**Assignment**
Going down the data below, set down exactly the line with "We strategically placed" and each line after it through the line with "Superb rubellite from"; no other lines.

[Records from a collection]

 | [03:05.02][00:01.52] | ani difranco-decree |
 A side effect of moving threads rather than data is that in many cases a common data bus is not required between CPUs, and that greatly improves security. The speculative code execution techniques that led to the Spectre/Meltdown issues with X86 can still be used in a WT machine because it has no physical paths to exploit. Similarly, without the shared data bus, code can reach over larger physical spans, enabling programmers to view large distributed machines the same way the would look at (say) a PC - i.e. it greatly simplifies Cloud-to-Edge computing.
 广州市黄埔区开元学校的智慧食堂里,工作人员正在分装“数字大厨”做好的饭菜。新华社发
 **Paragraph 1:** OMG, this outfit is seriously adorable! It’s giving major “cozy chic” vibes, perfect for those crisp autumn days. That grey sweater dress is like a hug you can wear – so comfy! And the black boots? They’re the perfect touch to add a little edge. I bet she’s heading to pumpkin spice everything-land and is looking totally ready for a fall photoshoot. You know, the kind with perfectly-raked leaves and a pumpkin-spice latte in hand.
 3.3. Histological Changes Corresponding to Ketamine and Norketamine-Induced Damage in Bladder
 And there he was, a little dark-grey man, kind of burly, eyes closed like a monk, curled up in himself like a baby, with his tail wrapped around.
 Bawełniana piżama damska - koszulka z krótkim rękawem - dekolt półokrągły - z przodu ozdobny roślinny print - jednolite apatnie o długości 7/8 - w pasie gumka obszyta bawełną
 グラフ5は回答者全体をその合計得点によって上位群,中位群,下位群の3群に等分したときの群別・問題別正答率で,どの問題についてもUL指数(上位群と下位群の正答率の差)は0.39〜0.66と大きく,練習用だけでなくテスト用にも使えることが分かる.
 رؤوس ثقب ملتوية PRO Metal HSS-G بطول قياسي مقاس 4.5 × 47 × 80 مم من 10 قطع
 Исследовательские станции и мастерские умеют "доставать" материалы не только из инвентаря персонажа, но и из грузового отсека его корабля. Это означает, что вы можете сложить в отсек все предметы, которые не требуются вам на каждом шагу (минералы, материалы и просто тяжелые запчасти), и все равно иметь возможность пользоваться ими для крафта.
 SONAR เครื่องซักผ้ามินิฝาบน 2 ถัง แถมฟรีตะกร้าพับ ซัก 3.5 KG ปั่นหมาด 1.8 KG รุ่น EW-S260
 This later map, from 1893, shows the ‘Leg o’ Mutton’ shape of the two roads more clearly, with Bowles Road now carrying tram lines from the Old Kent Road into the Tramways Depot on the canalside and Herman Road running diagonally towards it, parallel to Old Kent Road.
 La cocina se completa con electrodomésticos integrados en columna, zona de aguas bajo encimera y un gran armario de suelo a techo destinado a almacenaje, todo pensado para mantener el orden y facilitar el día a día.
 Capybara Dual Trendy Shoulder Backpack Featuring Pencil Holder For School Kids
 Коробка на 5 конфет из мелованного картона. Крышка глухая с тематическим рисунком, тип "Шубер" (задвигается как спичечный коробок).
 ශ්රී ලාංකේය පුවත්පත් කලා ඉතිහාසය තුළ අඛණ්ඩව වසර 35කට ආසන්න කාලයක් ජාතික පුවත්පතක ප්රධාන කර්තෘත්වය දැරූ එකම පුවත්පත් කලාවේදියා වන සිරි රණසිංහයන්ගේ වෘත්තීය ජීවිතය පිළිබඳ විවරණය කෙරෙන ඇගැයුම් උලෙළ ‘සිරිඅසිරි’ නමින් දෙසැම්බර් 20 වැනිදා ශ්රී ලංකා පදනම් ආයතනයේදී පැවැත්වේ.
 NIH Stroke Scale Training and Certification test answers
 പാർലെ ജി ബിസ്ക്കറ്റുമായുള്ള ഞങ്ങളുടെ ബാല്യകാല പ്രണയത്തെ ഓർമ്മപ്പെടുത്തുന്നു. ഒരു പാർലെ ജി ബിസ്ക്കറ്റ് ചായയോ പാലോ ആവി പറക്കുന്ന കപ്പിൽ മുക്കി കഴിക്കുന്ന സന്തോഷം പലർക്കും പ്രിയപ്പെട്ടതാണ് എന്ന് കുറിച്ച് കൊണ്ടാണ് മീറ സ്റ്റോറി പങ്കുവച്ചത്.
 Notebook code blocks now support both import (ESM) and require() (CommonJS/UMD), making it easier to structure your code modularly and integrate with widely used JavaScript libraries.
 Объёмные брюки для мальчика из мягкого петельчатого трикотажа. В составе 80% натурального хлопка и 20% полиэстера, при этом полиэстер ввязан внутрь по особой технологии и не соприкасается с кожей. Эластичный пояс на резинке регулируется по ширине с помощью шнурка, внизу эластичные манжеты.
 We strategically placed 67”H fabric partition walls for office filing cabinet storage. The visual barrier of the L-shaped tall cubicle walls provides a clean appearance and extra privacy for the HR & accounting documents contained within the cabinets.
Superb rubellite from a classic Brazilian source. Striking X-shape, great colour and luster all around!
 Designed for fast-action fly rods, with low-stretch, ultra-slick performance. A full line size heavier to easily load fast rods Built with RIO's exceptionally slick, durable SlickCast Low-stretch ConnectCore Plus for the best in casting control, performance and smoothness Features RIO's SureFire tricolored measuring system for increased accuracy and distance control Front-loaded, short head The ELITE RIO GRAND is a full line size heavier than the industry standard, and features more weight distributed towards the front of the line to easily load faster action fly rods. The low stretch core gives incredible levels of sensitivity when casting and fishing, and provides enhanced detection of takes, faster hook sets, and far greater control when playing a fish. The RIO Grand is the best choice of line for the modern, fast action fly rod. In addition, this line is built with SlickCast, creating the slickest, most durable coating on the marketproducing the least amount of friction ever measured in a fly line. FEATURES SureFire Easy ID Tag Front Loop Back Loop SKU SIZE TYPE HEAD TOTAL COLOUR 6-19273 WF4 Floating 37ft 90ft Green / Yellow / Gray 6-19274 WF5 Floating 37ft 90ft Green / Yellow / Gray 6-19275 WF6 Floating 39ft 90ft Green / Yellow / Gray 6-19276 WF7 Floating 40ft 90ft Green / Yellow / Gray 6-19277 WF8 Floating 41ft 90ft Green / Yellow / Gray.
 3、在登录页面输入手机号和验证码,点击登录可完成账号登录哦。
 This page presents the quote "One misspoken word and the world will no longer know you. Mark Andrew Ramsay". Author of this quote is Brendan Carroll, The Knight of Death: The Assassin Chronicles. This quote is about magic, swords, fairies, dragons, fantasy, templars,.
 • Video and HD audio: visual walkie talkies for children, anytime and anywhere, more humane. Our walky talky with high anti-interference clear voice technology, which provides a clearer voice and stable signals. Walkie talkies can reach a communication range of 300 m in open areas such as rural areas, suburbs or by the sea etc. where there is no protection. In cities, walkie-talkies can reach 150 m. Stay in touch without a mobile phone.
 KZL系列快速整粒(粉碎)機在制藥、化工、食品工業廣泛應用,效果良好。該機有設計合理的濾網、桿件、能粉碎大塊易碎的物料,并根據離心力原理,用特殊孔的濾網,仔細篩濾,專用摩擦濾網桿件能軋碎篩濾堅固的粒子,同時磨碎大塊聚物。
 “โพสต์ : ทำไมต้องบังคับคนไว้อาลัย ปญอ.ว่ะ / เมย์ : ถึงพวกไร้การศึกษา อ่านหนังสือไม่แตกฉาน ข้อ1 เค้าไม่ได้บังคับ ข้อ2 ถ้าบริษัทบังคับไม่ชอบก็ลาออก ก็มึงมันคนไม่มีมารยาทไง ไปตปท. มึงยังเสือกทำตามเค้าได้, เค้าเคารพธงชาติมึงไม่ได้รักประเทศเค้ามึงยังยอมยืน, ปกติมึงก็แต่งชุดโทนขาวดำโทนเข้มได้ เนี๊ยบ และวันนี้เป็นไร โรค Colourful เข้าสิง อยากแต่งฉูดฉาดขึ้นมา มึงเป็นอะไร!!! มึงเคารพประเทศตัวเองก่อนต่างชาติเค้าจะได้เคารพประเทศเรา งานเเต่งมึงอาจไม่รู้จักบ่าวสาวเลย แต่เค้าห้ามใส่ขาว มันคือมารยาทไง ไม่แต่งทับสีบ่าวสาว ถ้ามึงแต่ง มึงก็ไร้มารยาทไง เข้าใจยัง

**Task answer**
 We strategically placed 67”H fabric partition walls for office filing cabinet storage. The visual barrier of the L-shaped tall cubicle walls provides a clean appearance and extra privacy for the HR & accounting documents contained within the cabinets.
Superb rubellite from a classic Brazilian source. Striking X-shape, great colour and luster all around!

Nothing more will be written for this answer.